Va riconosciuto alla messa in scena di Roberto Valerio un duplice merito: l’asciugatura del testo, tramite una serie di tagli finalizzati a spogliarlo da ornamenti retorici e ad alleggerire la greve patina ottocentesca, e la fedele restituzione delle tragiche suggestioni socio-culturali offerte da Ibsen.
Il regista non tradisce il testo, bensì lo arricchisce, dotandolo di una carica moderna e innovativa. Il complesso sostrato culturale, sviscerato nella pièce, può essere analizzato da due punti di vista: quello sociologico, riguardante le granitiche certezze di una borghesia stagnante, turpe e abietta, circoscritta in un menzognero recinto di benessere e comodità, e quello psicologico, che scava nelle anime dei protagonisti palesandone gli inganni, le ipocrisie, i sotterfugi, le debolezze; in sostanza, la non-esistenza.

Sono tre i discorsi macroscopici approfonditi nello spettacolo: l’angosciosa condizione di sudditanza della donna, il tormentoso e imperituro oscillare fra l’utopia di una felicità autentica e il timore di spezzare l’edulcorata inerzia borghese e, infine, l’assenza di comunicazione.
“Siamo sposati da otto anni. Non t’accorgi che noi due, tu ed io, marito e moglie, oggi per la prima volta stiamo parlando di cose serie? […] Da quando ci siamo conosciuti, non abbiamo mai avuto un colloquio su argomenti gravi.”
Con queste parole, sul finale, la protagonista deflagra in un ardito impeto vitale: Nora, magistralmente interpretata da Valentina Sperlì, è una donna fragile, confusa e profondamente insicura; si finge felice nella “prigione familiare” in cui è costretta, tentando interiormente di tradurre abusi psicologici e oltraggi verbali – spesso suo marito la apostrofa con sgradevoli appellativi quali “lodoletta”, “scoiattolino”, “passerotto” – in premurose manifestazioni di affetto e dolcezza.
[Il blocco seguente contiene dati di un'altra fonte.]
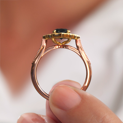 Dieser Verlobungsring aus 14 Karat Roségold heißt Rosan und hat einen Schwarz Diamant Edelstein. Ein außergewöhnlicher, Roségold Vintage Ring. Einer, der die Liebe Ihres Lebens mit Sicherheit wie ein Schwarz Diamant erstrahlen lässt! Das hoffen wir zu erreichen. Dieser Vintage Verlobungsring ist mit exquisiten Schwarze Diamanten besetzt. Welchen Edelstein Sie aus unserer Auswahl haben möchten, liegt ganz bei Ihnen. Der Edelstein wird mit großer Sorgfalt ausgewählt. Denn wir glauben, dass Ihr Verlobungsring nur mit dem schönsten Edelstein gekrönt sein darf. Sehen Sie das auch so? Unser erfahrener Juwelier entwirft Ihren Ring in unserem eigenen Studio, wo der Schwarz Diamant mit großer Präzision eingefasst wird. Der Ring wird dann bearbeitet und poliert, bis er perfekt ist. Nichts als das Beste für die Liebe Ihres Lebens! Jedes Schmuckstück wird von unseren Meister-Goldschmieden in unserem eigenen Studio für Sie gefertigt.Nach Erhalt Ihrer Bestellung beginnen unsere Goldschmiede mit Leidenschaft den kreativen Prozess und fertigen Ihren Verlobungsring in unserem eigenen Studio. Da wir keine großen Lager haben, werden diese Kosten nicht an Sie weitergegeben. Unsere Preisgestaltung ist der Beweis dafür! Wir bieten Schmuck zum niedrigsten Preis, garantiert.Unser Team fügt unserer Online-Kollektion täglich neue Designs hinzu. Unsere Designer und Goldschmiede arbeiten zusammen, um das beste Design zu kreieren. Wir bemühen uns, eine vielfältige Kollektion von Schmuckstücken anzubieten. Vielleicht haben Sie ein bestimmtes Design im Sinn. Eines, dass Sie irgendwo gesehen haben. Gerne geben wir Ihnen eine kostenlose Beratung. Wir machen Ihnen ein Angebot, basierend auf einem fairen Preis/Leistungsverhältnis, das Sie verblüffen wird.Um es einfacher zu machen, bieten wir eine kostenlose 30-tägige Rücksendung.

Attraverso un’efficace gestualità, l’interprete palesa ad una ad una tutte le sfaccettature di questo complesso personaggio: ne sottolinea la vacuità nell’atto di non prendersi sul serio, ne giustifica l’inconsapevole egocentrismo come istintiva autodifesa di fronte alla violenza subita, pone l’accento sulla corrosiva stasi alternata a nervosi spiragli di introspezione e, da ultimo, esprime il passaggio da un recinto di menzogne a una cosciente autodeterminazione del proprio destino.
Se Valentina Sperlì racconta il suo personaggio attraverso i gesti, Roberto Valerio rivela il suo attraverso un accurato uso della voce e una sapiente variazione di toni: Torvald, avvocato in vista di un salto di carriera, è il rappresentante di una borghesia ancorata su dogmi e certezze granitiche; ottuso e apatico, intrattiene rapporti umani di carattere meramente utilitaristico, rivelando ad ogni passo la propria intrinseca mediocrità.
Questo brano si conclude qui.